İsrail ile Hizbullah arasında artan gerilimler, Siyonist rejimin uzman camiasında siber güvenlik tehditlerini gündeme getirdi.
YDH - Geçen hafta Lübnan’da pazarlarda ve sokaklarda meydana gelen patlamalar, izleyenleri dehşete düşürdü.
Pek çok kişi, düşmanların saldırılarında ne kadar ileri gidebileceğini ve modern toplumların internete bağlı cihazlara olan bağımlılığı arttıkça ne kadar savunmasız hale geldiğini sorgulamaya başladı.
İsrail, geçen hafta çağrı cihazları ve telsizlere yönelik saldırıların sorumluluğunu üstlenmemiş olsa da bu saldırıların arkasında olduğuna inanılıyor. Bu saldırılarda onlarca kişi hayatını kaybetti ve binlerce kişi yaralandı. Hizbullah Genel Sekreteri Seyyid Hasan Nasrallah, bu saldırıların intikamını alacaklarını duyurdu.
Hizbullah, hafta sonu boyunca kuzey İsrail’e yoğun roket saldırılarıyla karşılık verdi. Direnişin, siber misilleme yapabilecek kapasiteye sahip olduğu biliniyor.
İsrailli siber güvenlik danışmanlık firması Auren’in yönetici ortağı Osher Assor, Yedioth Ahronoth gazetesine verdiği demeçte “Hiçbir ülke böyle bir olaya karşı bağışık değil. Ancak İsrail, tedarik zincirlerini yakından takip ediyor ve cihazlar ülkeye girmeden önce kapsamlı bir şekilde inceleniyor,” dedi.
İsrail Standartlar Enstitüsü, ülkeye giren neredeyse her ürün ve hizmeti denetleyerek bu süreçte kritik bir rol oynuyor. Assor, “İsrail tedarik zincirinin farklı aşamalarında saldırılara maruz kalabilir. Fakat ürünler ülkeye girmeden çok önce test ediliyor,” ifadelerini kullandı.
Çağrı cihazı saldırısının ayrıntıları hafta sonu ortaya çıktı. Basında çıkan haberlere göre, çağrı cihazları bir paravan şirket tarafından üretilmiş ve içerisine küçük, tespit edilemeyen patlayıcılar yerleştirilmiş.
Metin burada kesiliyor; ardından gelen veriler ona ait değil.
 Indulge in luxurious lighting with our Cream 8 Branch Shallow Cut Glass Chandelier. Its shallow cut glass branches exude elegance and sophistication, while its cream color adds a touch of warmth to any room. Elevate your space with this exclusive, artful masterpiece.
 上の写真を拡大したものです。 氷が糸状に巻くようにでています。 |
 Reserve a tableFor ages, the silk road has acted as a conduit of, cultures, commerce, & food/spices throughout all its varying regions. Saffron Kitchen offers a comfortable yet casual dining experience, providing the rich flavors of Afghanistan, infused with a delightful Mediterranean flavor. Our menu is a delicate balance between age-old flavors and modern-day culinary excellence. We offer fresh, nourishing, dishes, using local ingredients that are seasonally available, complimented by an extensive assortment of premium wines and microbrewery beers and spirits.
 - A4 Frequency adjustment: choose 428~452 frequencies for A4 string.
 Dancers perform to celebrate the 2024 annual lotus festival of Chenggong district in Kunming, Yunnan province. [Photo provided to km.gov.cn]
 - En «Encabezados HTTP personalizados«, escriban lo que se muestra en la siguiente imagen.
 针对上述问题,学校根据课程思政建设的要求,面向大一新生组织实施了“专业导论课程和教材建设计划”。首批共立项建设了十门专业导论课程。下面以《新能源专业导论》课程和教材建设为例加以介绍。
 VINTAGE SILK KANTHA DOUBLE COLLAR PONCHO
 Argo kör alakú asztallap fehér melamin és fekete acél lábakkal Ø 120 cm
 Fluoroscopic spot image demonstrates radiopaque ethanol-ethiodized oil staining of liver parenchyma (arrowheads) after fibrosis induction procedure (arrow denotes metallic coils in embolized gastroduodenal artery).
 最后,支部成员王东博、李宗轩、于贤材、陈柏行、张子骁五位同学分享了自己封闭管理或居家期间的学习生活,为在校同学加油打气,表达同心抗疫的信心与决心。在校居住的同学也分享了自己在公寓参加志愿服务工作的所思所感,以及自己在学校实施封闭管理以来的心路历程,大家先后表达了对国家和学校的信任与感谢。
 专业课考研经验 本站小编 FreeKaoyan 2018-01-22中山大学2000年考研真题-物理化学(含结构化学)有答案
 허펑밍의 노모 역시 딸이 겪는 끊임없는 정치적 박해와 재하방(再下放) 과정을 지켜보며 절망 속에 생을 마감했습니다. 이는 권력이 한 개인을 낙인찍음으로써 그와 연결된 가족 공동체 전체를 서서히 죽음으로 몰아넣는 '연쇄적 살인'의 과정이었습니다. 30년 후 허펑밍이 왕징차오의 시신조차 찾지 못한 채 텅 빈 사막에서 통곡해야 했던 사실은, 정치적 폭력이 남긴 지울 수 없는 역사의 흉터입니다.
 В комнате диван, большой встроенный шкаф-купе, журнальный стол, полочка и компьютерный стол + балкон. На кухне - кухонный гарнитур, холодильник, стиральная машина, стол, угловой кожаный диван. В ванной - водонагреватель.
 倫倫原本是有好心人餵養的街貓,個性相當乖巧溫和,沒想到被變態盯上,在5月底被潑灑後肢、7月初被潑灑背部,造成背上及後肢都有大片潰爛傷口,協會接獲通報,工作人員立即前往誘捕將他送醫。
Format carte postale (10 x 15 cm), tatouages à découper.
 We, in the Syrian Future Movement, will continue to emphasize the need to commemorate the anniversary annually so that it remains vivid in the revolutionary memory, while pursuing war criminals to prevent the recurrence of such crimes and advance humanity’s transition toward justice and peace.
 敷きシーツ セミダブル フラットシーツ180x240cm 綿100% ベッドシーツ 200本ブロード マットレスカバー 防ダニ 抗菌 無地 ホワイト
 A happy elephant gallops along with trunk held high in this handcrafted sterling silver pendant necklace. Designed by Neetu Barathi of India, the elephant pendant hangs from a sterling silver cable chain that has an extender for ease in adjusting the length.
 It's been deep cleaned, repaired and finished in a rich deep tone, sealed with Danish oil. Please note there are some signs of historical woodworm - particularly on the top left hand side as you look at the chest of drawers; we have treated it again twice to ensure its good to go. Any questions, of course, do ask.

Begin-Sadat Stratejik Araştırmalar Merkezi’nde kıdemli araştırma görevlisi ve İsrail Ulusal Siber Direktörlüğü’nde eski kıdemli danışman olan emekli Yarbay Dr. Eyal Pinko şse, “Siber savaşta, her iki tarafın sahip olduğu insan ya da saldırı silahı sayısının pek bir anlamı yok. Önemli olan, herhangi bir anda ilgili araca, bilgiye ya da erişime sahip olmaktır. Siber savaşta güç, amorftur ve sürekli değişir,” ifadelerini kullandı.
Ekim ayından bu yana savaşın başlamasıyla siber olaylarda keskin bir artış gözlemlendi.
Ulusal Siber Direktörlüğün 2023 raporuna göre, siber saldırılar veri sızıntılarından ve etkileme kampanyalarından, kesinti ve hasara yol açan saldırılara kaydı. Rapora göre, savaşın başlangıcından 2023’ün sonuna kadar 800 ‘önemli olay’ tespit edildi.
Assor, siber saldırılara karşı kırılganlığı açıklamak için, “Girmek için tek gereken, duvarda bir çatlak olması. İsrail bir siber süper güç ve biz hâlâ büyük bir saldırı görmedik. Bir devletin pek çok varlığı mevcuttur ve her varlık bir ihlal potansiyeline sahiptir,” değerlendirmesini yaptı.
Assor, Hizbullah’ın İsrail’e karşı büyük ölçekli bir siber saldırı başlatabileceğine dikkat çekerek “Siber saldırılar, biz onları gerçekten hissetmeden çok önce gerçekleşir. Hizbullah önümüzdeki günlerde böyle bir saldırı denerse şaşırmam. Hizbullah, İran’ın vekili ve İran’ın bu tür kabiliyetleri var. Son günlerde bu tür girişimlere tanık olduk,” diye konuştu.
Aynı zamanda Assor, “Bu sistemlere (telefon ve bilgisayar) saldırmak zor, ama imkânsız değil. İşin özü, para, zaman ve yeteneklere dayanıyor,” yorumunda bulundu.